The following code snippet demonstrates a process for forecasting sales data using an LSTM neural network in TensorFlow. It begins by filtering and preprocessing sales data for unique product packs, normalizing the data, and then creating a dataset with a specified number of time steps to be used for training and testing the LSTM model. Finally, the model is built, compiled, and fitted with the training data, followed by predictions on the test set, with the performance evaluated using the root mean squared error (RMSE) metric for each product pack:
from tensorflow.keras.models import Sequential
from tensorflow.keras.layers import LSTM, Dense
# Function to prepare data for LSTM
def create_dataset(X, y, time_steps=1):
Xs, ys = [], []
for i in range(len(X) - time_steps):
v = X.iloc[i:(i + time_steps)].values
Xs.append(v)
ys.append(y.iloc[i + time_steps])
return np.array(Xs), np.array(ys)
unique_ct2_packs = all_data['CT2_pack'].unique()

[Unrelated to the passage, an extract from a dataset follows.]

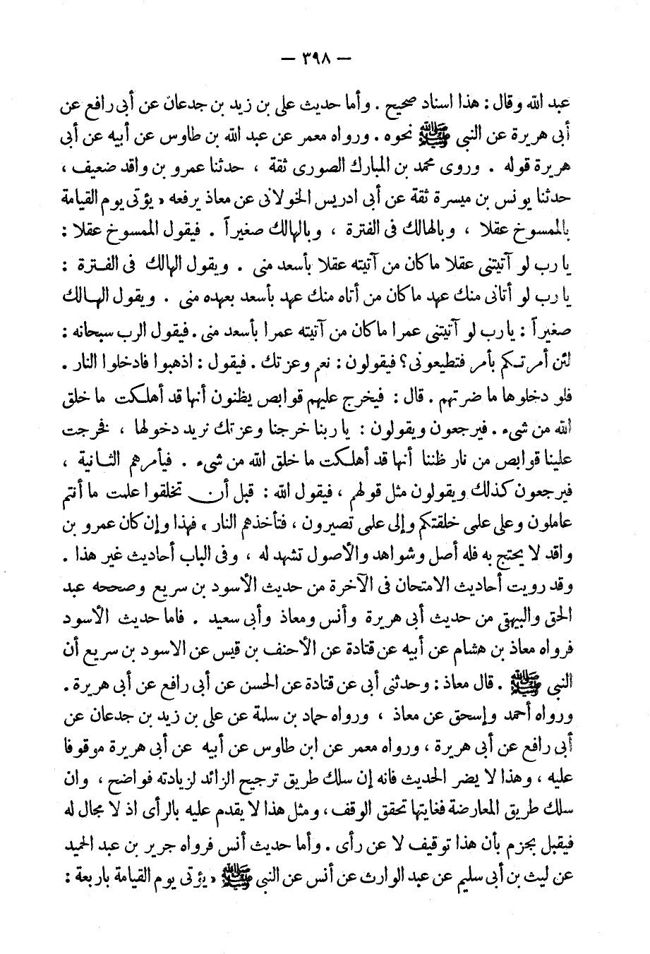 وروى محمد بن المبارك الصورى ثقة، حدثنا عمرو بن واقد ضعيف، حدثنا يونس بن ميسرة ثقة عن أبى إدريس الخولانى عن معاذ يرفعه: "يؤتى يوم القيامة بالممسوخ عقلاً، وبالهالك فى الفترة، وبالهالك صغيراً. فيقول الممسوخ عقلاً: يا رب لو آتيتنى عقلاً ما كان مَن آتيته عقلاً بأسعد منى، ويقول الهالك فى الفترة: يا رب لو آتانى منك عهد ما كان من آتاه منك عهد بأسعد بعهده منى، منى، فيقول الرب سبحانه: لئن أمرتكم بأمر فتطيعونى؟ فيقولون: نعم وعزتك فيقول: اذهبوا فادخلوا النار، فلو دخلوها ما ضرتهم قال: فيخرج عليهم قوابص يظنون أنها قد أهلكت ما خلق الله من شيء فيأمرهم الثانية، فيرجعون كذلك ويقولون: يا ربنا خرجنا وعزتك نريد دخولها، فخرجت علينا قوابص من نار ظننا أنها قد أهلكت ما خلق الله من شيء، فيأْمرهم الثانية فيرجعون كذلك ويقولون مثل قولهم، فيقول الله: قبل أن تخلقوا علمت ما أنتم عاملون وعلى علمى خلقتكم وإلى علمى تصيرون، فتأْخذهم النار"، فهذا وإن كان عمرو بن واقد لا يحتج به، فله أصل وشواهد والأُصول تشهد له.

for ct2_pack in unique_ct2_packs:
# Filter and preprocess data
sales_data = all_data[all_data['CT2_pack'] == ct2_pack]
sales_data = sales_data.rename(columns={'months': 'ds', 'sales': 'y'})
sales_data['ds'] = pd.to_datetime(sales_data['ds']) + MonthEnd(1)
# Normalize the data
scaler = MinMaxScaler(feature_range=(0, 1))
sales_data_scaled = scaler.fit_transform(sales_data[['y']])
# Preparing dataset for LSTM
time_steps = 12
X, y = create_dataset(pd.DataFrame(sales_data_scaled), pd.DataFrame(sales_data_scaled), time_steps)
# Keeping the last 6 months for testing
train_size = len(X) - 6
X_train, X_test = X[:train_size], X[-6:]
y_train, y_test = y[:train_size], y[-6:]
# Build LSTM model
model = Sequential([
LSTM(50, activation='relu', input_shape=(time_steps, 1)),
Dense(1)
])
model.compile(optimizer='adam', loss='mean_squared_error')
# Fit model
model.fit(X_train, y_train, epochs=200, batch_size=32, verbose=0)
# Predict
y_pred = model.predict(X_test)
y_test_inv = scaler.inverse_transform(y_test)
y_pred_inv = scaler.inverse_transform(y_pred)
# Calculate metrics
mse = mean_squared_error(y_test_inv, y_pred_inv)
rmse = np.sqrt(mse)
# Print metrics
print(f'RMSE for {ct2_pack} using LSTM: {rmse:.2f}')
# Plotting the results
plt.figure(figsize=(10, 6))
plt.plot(range(len(y)), scaler.inverse_transform(y), label="True", alpha=0.75)
plt.plot(range(len(y_train), len(y)), y_test_inv.flatten(), marker='.', label="Actual")
plt.plot(range(len(y_train), len(y)), y_pred_inv.flatten(), 'r', label="Predicted")
plt.ylabel('Sales')
plt.xlabel('Time Step')
plt.legend()
plt.show()
RMSE values for the product by models including LSTM look like this:
Product | SARIMA (RMSE) | Exponential Smoothing (RMSE) | LSTM (RMSE) |
---|---|---|---|
1 Day Acuvue Moist (30) | 293.72 | 183.69 | 133.45 |
Air Optix For Astigmatism (3) | 1.05 | 29.76 | 1.62 |
Air Optix For Astigmatism (6) | 27.46 | 19.66 | 22.07 |
Air Optix plus HydraGlyde (3) | 42.58 | 42.6 | 51.02 |
Air Optix plus HydraGlyde (6) | 40.6 | 67.59 | 138.31 |
Air Optix plus HydraGlyde for Astigmatism (3) | 41.23 | 39.55 | 32.12 |
Biofinity (3) | 641.56 | 573.33 | 1538.74 |
Biofinity (6) | 853.41 | 750.15 | 965.48 |
Dailies AquaComfort Plus (30) | 25.37 | 26.36 | 37.65 |
Dailies AquaComfort Plus (90) | 114.97 | 59.44 | 121.58 |
Focus Dailies All Day Comfort (30) | 18.84 | 9.94 | 8.09 |
OPTI-FREE Express (355 ml) | 186.21 | 90 | 79.27 |
Systane Ultra (10 ml) | 109.16 | 109.07 | 82.11 |
We can conclude that LSTM does not excel over the other 2 traditional models.